Y entonces, en una fecha señalada por los astros y por el calendario de subvenciones, Pedro I anunció que se presentaría de nuevo a la reelección de sí mismo. Nadie dudó de cuál será el resultado. Después de todo, ¿cómo podía fallar un sistema en el que el voto era libre, secreto y perfectamente conocido por los encargados de repartir los favores y además cuenta con urnas tras de las cortinas?

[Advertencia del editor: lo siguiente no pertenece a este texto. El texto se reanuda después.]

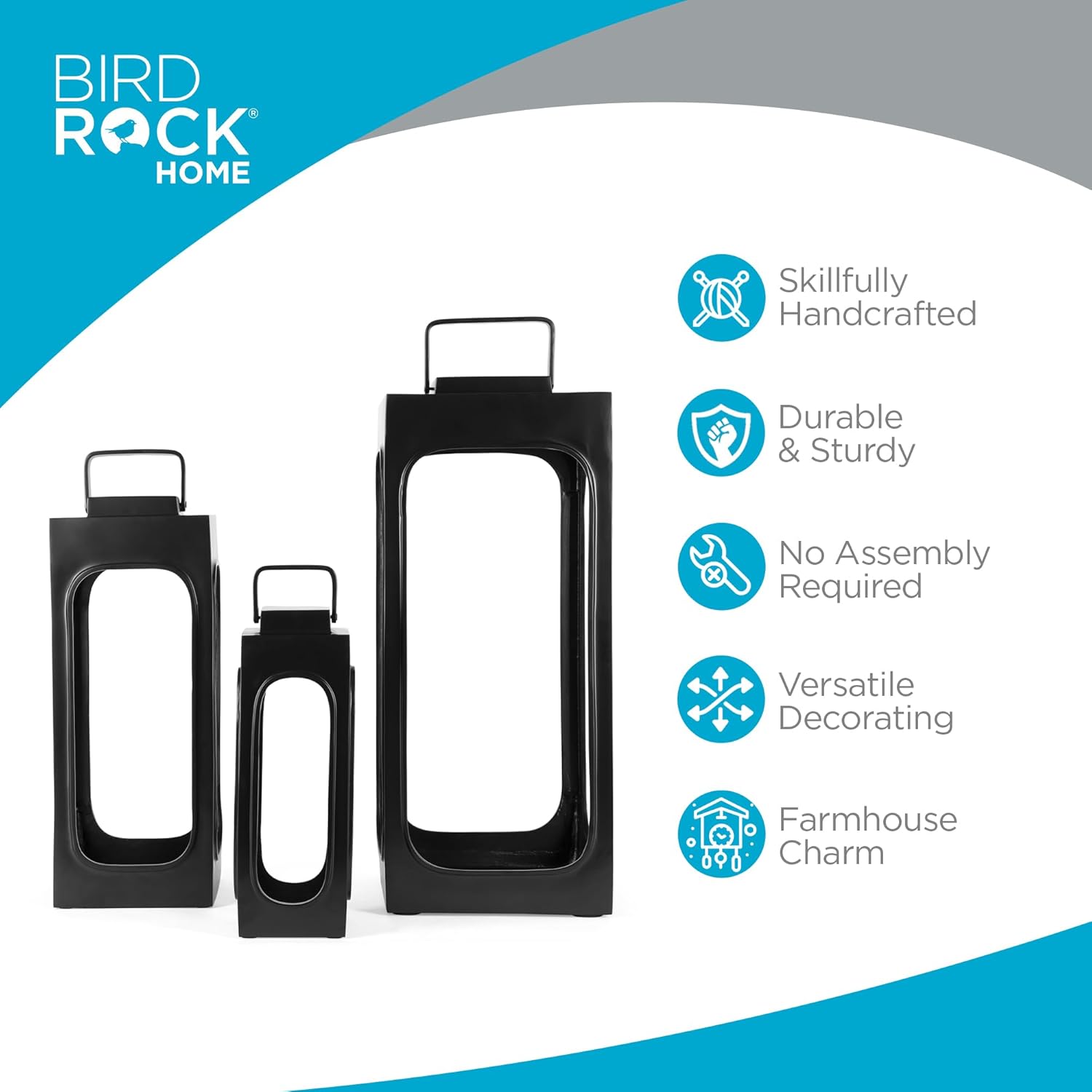 The BirdRock Home lantern set includes three sizes, allowing you to get creative with your decorating. Whether grouped together or placed separately, these lanterns enhance the ambiance of any setting.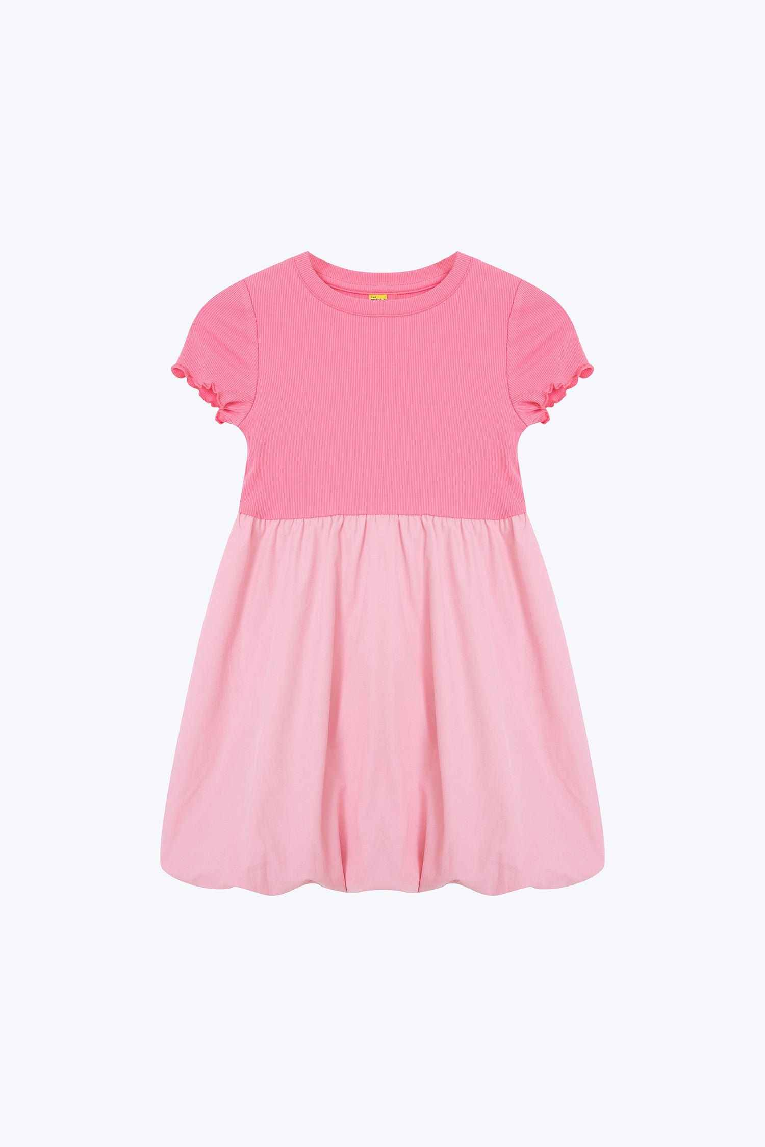 A sweet dress featuring a ribbed bodice and a softly gathered bubble hem skirt. With short sleeves and a round neckline, it blends comfort with playful charm for everyday wear or special outings.

Y es así como su último gesto del día es simbólico. El sultán, en su balconada de mármol reciclado, alzó la mano y exclamó: «¡Soy el escudo de la democracia! ¡El guardián del relato! ¡El último mameluco del socialismo sentimental!». Abajo, su ejército de mamelucos respondieron al unísono: «¡Larga vida al sultán de la Moncloa! ¡El pueblo está contigo, aunque no lo sepa!»
Y así continuó el reino, sostenido por algoritmos, aclamado por obedientes y defendido por cortesanos que no necesitaban razón, solo un poco más de tiempo…, un buen asiento cerca del poder y seguridad para la subvención. Advertencia: Todo parecido con la realidad del actual Presidente Sánchez es pura coincidencia, si bien esta coincidencia es muy certera. ¿No les parece…?
Con este comentario me despido hasta principios de octubre Dios mediante y el director del diario «Menorca»… claro.